*** Input ***

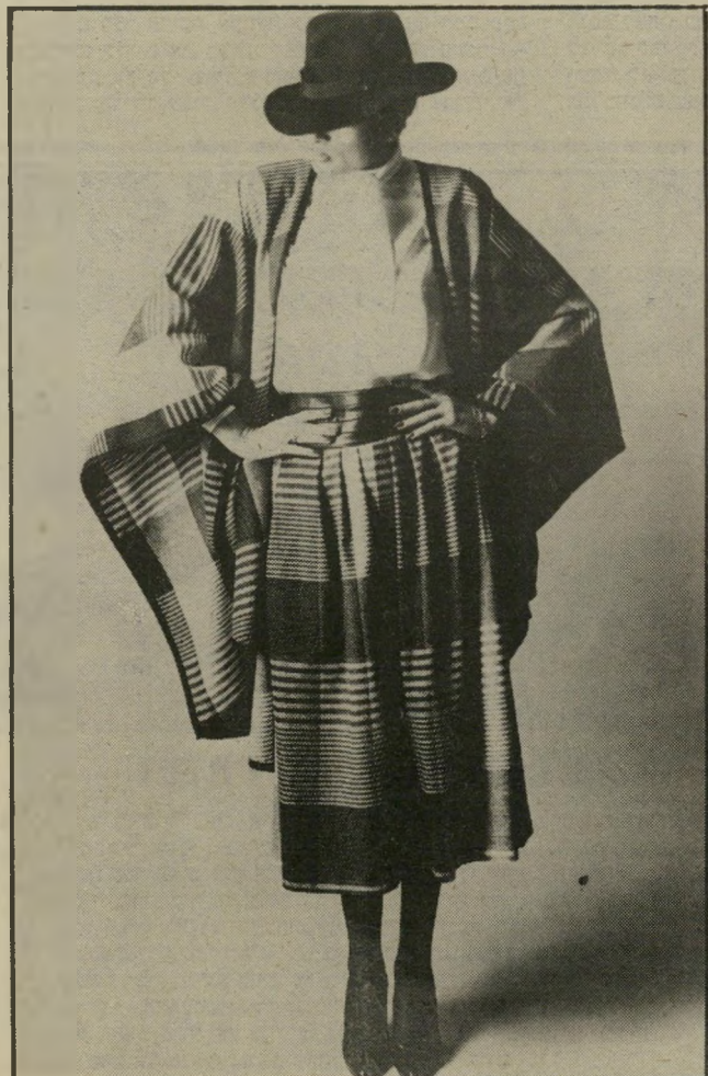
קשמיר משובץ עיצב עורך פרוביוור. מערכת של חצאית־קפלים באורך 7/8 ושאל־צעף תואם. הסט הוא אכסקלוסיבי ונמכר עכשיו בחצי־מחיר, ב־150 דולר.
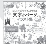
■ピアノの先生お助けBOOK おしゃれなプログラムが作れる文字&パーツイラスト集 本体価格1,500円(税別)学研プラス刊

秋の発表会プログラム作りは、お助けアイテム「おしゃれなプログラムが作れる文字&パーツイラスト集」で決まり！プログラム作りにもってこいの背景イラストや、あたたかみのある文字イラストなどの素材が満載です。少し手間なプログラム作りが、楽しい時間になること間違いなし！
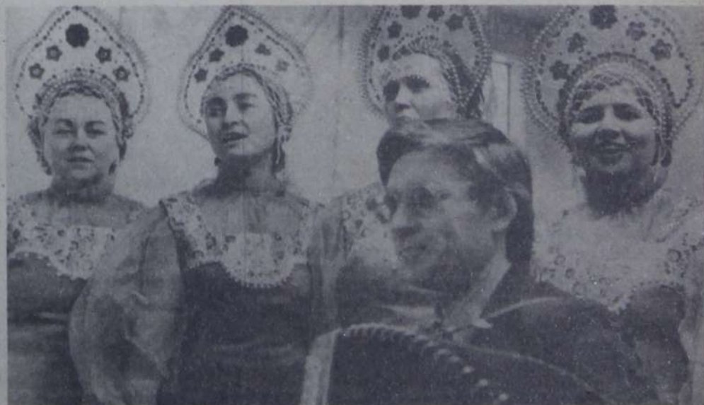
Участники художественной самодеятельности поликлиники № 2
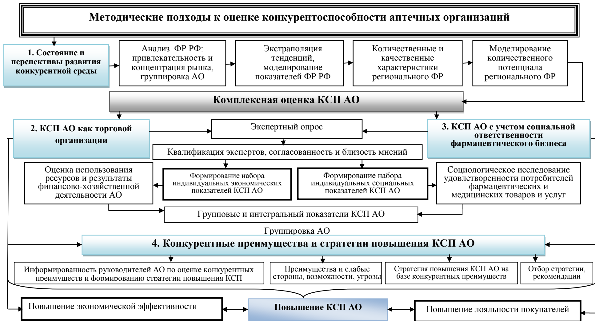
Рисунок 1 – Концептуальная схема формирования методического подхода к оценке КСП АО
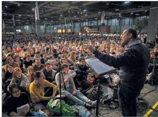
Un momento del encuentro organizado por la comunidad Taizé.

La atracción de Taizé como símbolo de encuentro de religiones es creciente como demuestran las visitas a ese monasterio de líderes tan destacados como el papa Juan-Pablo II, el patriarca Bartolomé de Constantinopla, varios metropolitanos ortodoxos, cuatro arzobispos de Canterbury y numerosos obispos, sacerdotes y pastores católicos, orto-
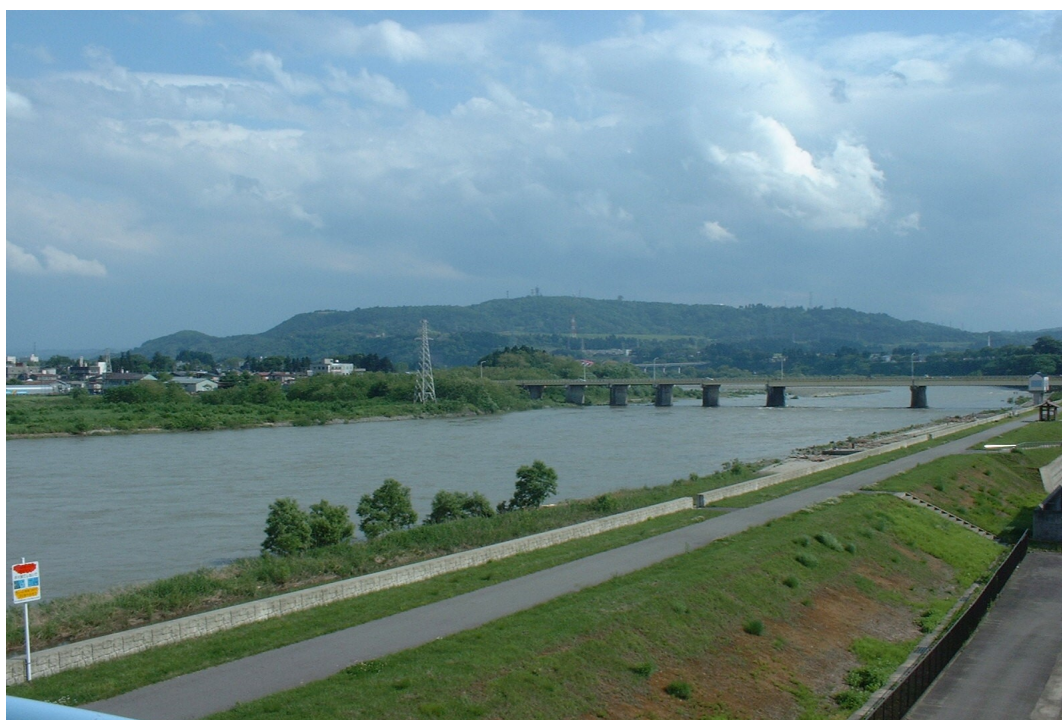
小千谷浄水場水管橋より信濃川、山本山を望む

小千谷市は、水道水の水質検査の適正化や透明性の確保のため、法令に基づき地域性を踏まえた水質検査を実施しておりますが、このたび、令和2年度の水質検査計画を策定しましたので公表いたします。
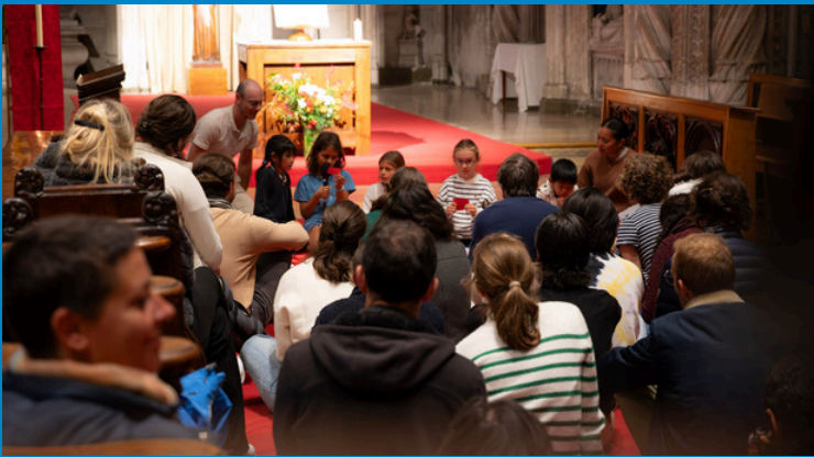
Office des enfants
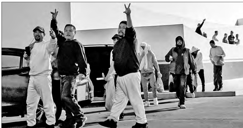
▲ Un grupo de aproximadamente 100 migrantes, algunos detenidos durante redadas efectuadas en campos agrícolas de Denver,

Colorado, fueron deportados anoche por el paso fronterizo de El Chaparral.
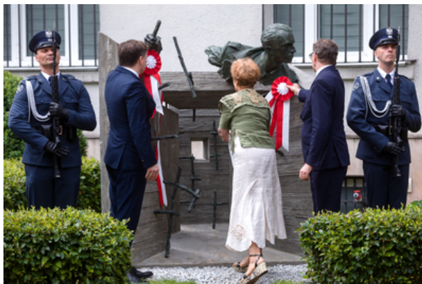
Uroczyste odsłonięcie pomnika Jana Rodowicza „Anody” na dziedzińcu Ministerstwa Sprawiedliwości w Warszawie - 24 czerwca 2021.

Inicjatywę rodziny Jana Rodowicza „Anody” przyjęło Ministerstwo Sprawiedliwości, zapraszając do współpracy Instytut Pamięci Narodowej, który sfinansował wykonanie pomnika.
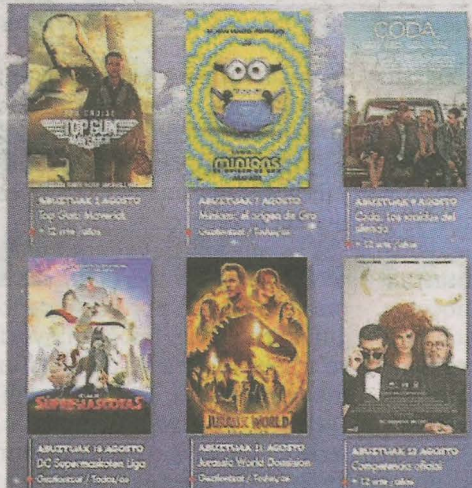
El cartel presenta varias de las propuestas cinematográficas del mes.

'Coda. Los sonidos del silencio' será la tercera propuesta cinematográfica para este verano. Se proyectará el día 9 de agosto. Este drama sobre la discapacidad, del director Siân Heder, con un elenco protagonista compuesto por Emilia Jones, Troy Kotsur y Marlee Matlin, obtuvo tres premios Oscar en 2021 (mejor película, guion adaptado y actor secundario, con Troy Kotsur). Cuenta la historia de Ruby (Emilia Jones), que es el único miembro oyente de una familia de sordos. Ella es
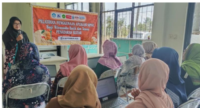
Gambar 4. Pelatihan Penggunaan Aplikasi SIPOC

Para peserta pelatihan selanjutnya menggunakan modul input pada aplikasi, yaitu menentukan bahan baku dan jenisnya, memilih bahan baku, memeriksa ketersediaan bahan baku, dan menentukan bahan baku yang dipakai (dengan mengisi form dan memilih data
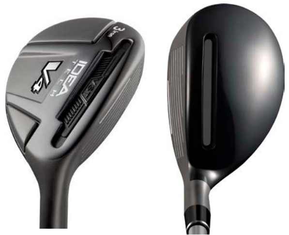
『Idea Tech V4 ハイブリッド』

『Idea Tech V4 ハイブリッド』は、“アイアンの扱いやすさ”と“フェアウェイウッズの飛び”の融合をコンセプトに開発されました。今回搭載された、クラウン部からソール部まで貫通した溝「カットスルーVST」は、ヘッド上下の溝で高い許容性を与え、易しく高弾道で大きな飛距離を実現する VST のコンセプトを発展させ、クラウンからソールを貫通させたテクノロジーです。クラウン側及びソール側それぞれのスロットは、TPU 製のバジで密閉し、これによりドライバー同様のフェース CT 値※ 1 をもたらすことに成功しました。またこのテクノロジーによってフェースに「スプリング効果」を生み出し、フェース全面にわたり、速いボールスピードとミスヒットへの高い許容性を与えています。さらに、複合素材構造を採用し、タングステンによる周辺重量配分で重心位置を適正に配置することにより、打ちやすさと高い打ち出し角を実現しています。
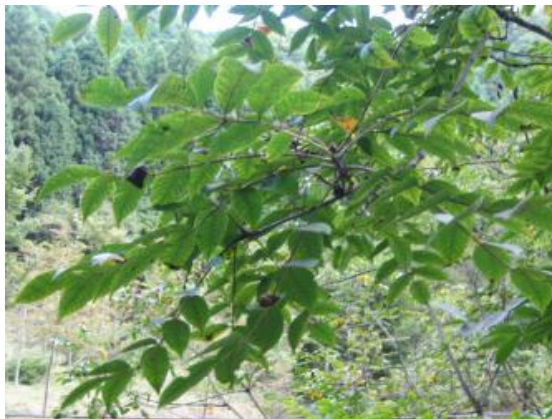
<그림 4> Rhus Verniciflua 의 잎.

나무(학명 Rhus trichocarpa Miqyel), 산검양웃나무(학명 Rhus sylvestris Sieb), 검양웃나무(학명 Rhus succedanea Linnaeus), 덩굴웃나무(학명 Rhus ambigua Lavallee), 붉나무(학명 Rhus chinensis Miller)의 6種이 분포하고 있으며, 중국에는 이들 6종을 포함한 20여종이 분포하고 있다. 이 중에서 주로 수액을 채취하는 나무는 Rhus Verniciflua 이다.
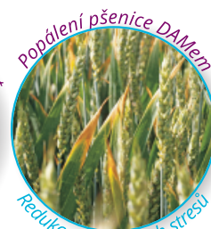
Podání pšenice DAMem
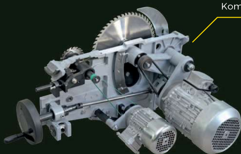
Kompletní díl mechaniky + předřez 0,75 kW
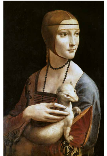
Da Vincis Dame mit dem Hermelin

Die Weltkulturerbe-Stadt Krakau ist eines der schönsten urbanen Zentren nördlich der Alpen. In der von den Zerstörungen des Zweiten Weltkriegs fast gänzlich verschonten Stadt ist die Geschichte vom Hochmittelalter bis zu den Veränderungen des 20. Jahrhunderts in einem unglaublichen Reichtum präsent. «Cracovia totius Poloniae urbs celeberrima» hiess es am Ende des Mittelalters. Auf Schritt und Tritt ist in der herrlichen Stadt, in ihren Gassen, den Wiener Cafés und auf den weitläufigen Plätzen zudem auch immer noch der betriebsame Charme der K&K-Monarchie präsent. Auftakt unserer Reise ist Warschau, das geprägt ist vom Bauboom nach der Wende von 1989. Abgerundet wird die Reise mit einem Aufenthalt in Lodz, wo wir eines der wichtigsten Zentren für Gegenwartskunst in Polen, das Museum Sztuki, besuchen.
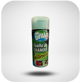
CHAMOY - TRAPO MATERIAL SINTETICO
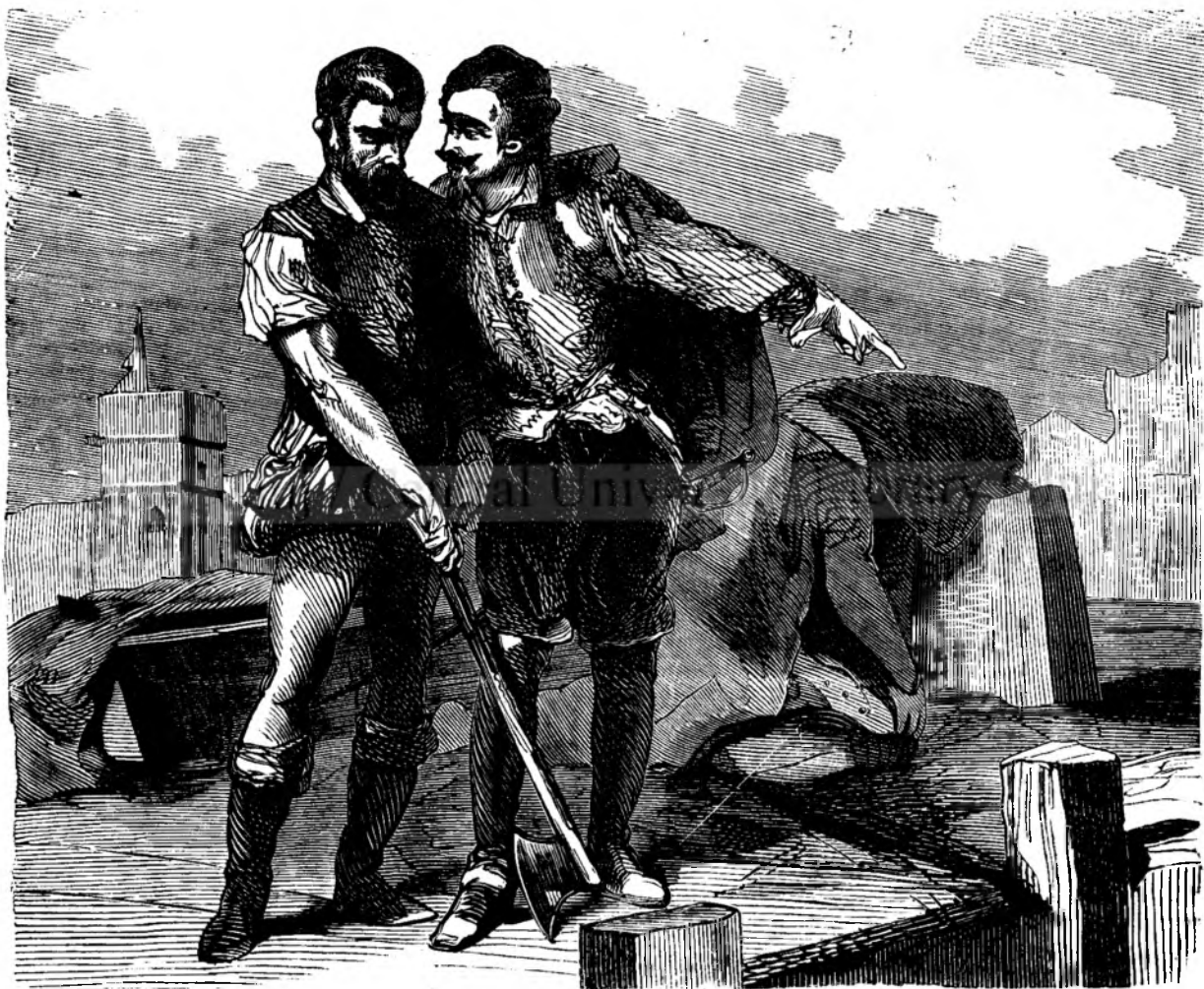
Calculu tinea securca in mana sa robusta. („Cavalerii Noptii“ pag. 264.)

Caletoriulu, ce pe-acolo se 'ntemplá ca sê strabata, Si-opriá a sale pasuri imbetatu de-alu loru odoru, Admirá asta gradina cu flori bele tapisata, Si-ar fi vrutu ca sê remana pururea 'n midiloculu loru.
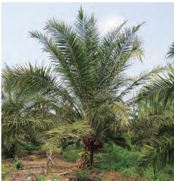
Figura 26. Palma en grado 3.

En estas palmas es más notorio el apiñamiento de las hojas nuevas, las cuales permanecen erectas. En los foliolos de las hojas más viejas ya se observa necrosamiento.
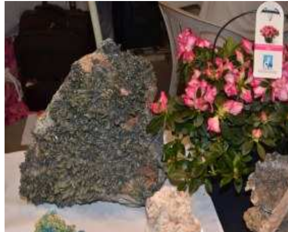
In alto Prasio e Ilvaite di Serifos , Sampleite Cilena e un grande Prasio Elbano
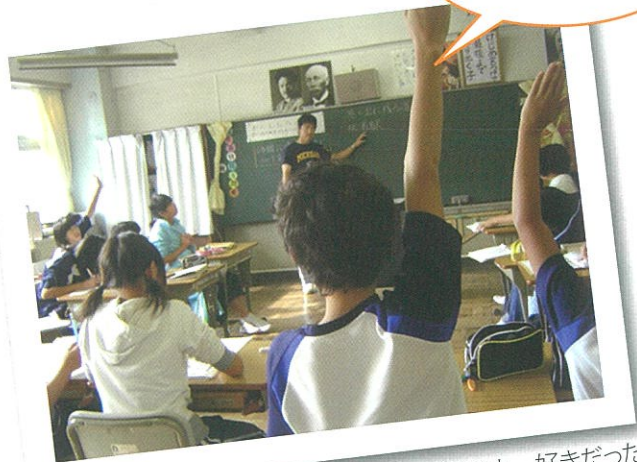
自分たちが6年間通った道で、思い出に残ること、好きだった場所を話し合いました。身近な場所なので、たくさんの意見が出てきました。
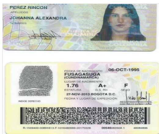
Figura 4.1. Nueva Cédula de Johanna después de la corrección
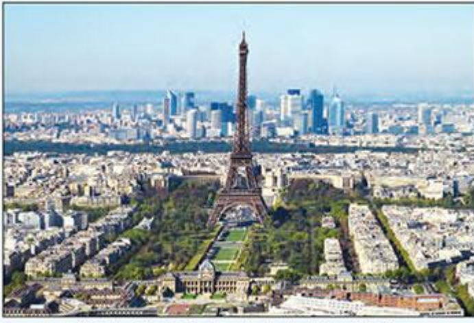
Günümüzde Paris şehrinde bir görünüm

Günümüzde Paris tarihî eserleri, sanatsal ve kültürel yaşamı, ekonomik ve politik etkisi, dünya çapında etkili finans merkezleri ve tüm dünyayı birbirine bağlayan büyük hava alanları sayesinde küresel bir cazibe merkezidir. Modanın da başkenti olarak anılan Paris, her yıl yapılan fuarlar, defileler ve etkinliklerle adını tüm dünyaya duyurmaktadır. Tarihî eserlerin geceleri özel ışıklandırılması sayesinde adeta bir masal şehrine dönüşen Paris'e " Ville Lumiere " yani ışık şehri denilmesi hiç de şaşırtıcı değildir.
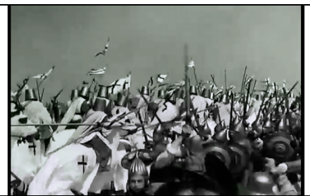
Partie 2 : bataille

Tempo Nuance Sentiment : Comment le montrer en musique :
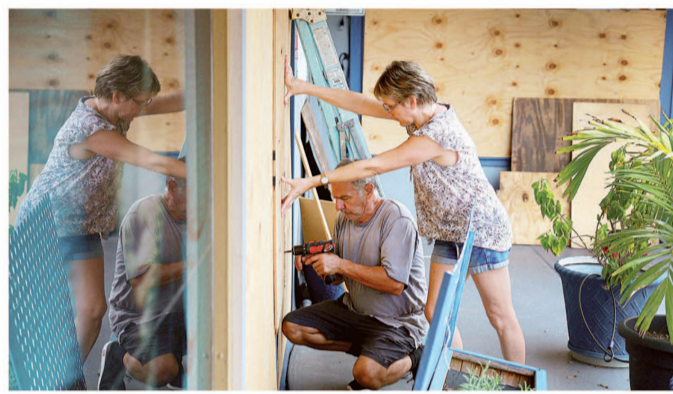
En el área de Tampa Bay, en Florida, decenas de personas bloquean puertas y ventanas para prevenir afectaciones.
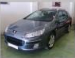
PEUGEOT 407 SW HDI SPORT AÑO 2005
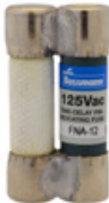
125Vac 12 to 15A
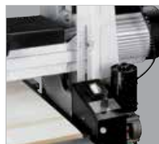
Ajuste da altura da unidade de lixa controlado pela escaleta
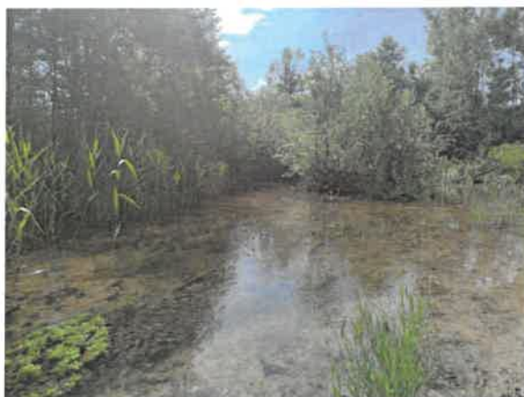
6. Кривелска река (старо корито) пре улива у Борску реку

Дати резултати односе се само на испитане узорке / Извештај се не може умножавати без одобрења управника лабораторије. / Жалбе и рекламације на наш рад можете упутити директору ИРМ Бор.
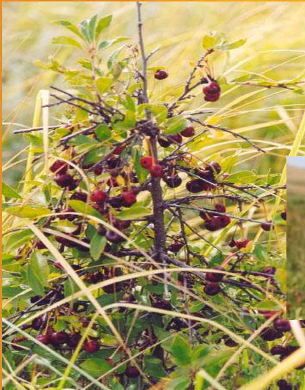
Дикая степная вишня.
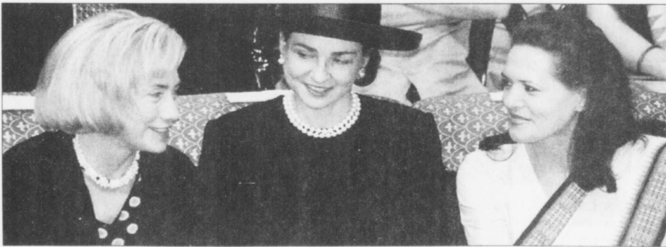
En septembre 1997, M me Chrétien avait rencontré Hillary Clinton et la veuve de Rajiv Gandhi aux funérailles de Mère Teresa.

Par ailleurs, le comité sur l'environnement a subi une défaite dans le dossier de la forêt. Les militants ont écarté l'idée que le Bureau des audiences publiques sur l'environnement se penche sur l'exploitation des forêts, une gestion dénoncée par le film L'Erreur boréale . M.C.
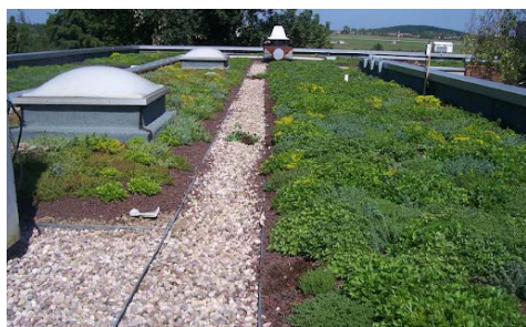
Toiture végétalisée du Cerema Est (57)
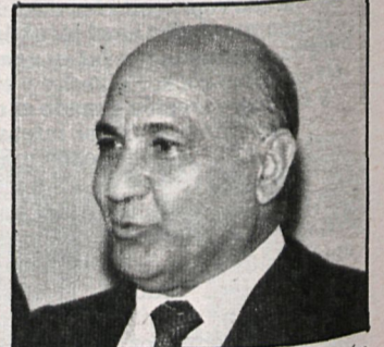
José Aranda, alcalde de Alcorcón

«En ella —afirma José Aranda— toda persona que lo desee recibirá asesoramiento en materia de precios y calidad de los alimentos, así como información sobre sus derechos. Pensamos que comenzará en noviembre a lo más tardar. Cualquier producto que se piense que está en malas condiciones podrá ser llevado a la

*** End of Input ***

> Exercise brief: Write down exactly what the lines above say, from the line holding "Inicjatywę rodziny Jana" through the line holding "El cartel presenta", and nothing more. Do not copy the pictures.

> Task answer:
Inicjatywę rodziny Jana Rodowicza „Anody” przyjęło Ministerstwo Sprawiedliwości, zapraszając do współpracy Instytut Pamięci Narodowej, który sfinansował wykonanie pomnika.
El cartel presenta varias de las propuestas cinematográficas del mes.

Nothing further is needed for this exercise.